Text messaging's outdated and inexpensive nature, compared to newer, much-touted technologies, such as wearable fitness trackers, that aim to make people's access to health information easier, makes it a viable, community-based alternative to pricey and individualized technological solutions to health care betterment.

National Nurses United (NNU), a union that represents roughly 30,000 nurses, has levied  a similar charge against wearable health tech, arguing that it puts up more financial barriers to care than it tears down. "You start tiering the medicine—the provision of healthcare—based on your ability to pay," NNU co-president Deborah Burger told me in May.

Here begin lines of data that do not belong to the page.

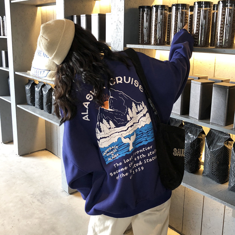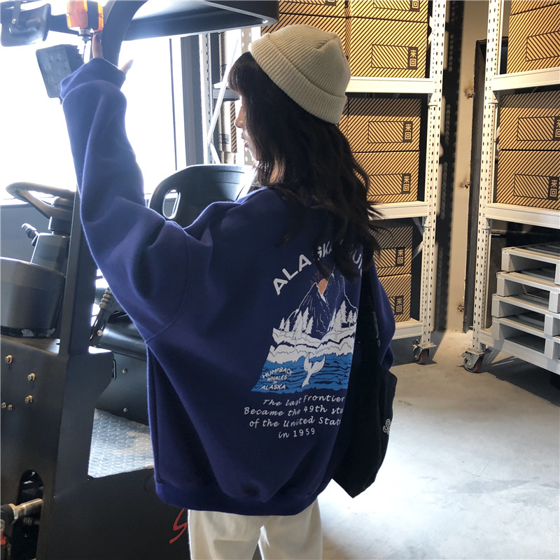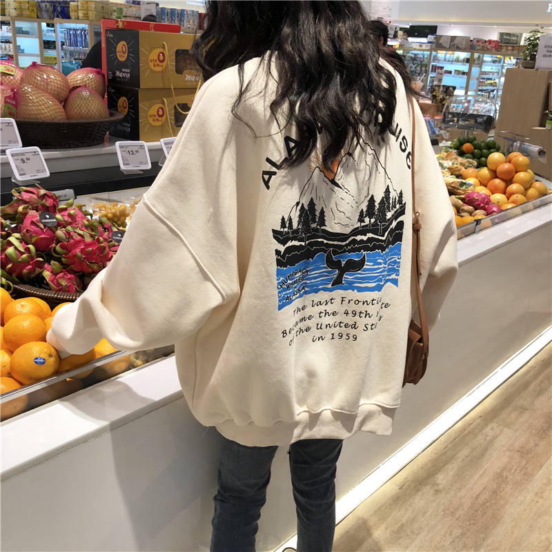 2018新款秋冬女裝韓版中長款原宿風字母卡通寬松加絨加厚衛衣外套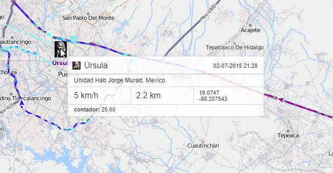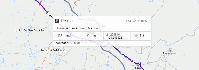 Al apuntarse al recorrido con el cursor del ratón, se realiza la búsqueda del punto más cercano de recepción del mensaje. Si hay tal punto en el radio de 50 píxeles, se muestra por un círculo palpitante azul y en la ventana emergente se escribe la siguiente información: la hora del mensaje, la velocidad del movimiento de la unidad en este punto, las coordenadas (más la cantidad de satélites entre paréntesis), la altitud sobre el nivel del mar y los valores de sensores. Cuando hace clic en coordenadas, se puede ir al mapa de la fuente de terceros. Vea más detalles aquí.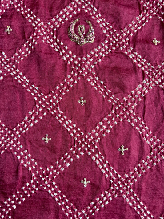 Swan Embroidered Gajji Magenta Bandhej Dupatta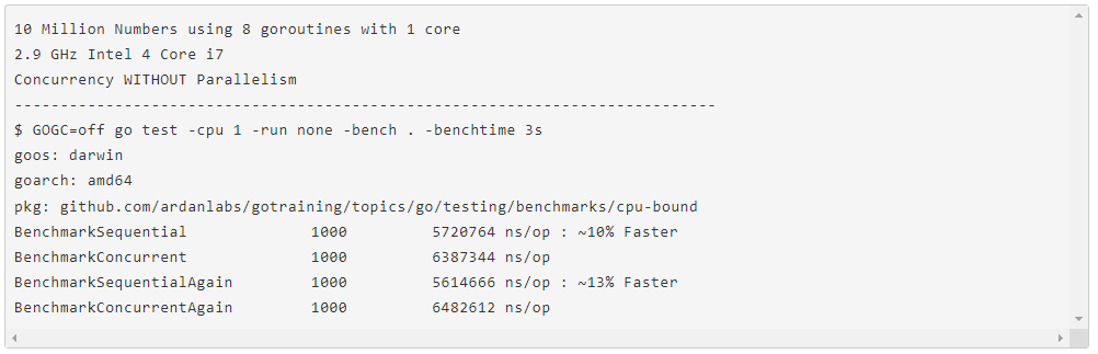 В листинге №3 выше показаны эталонные функции. Вот результаты, когда для всех горутин доступен только один поток ОС/аппаратного обеспечения. Последовательная версия использует одну Горутину, а конкурентная версия использует runtime.NumCPU или восемь Горутин в нашем случае. В этом случае конкурентная версия использует конкурентность без параллелизма.

Although the University of Michigan researchers' findings likely aren't generalizable by dint of their small sample size, at the very least they invite further investigation into the use of stodgy tech like text messaging to eventually improve the access to care for low-income communities. Chang sees the role of texting in garnering feedback about health care expanding in the near future.

"We can start using this as a proof of concept saying we don't really need to [use paper surveys]. We can send 1,000 participants a text message survey," she said. "Even evaluating Medicaid expansion—if we want to get the opinions of a large group of people, this could be a way."

Although that kind of widespread use for text messaging in health care surveys might be somewhat far off and contingent on more research being done, Chang says that her team's approach is ready to be put to use for the good of at least one community: Parkside.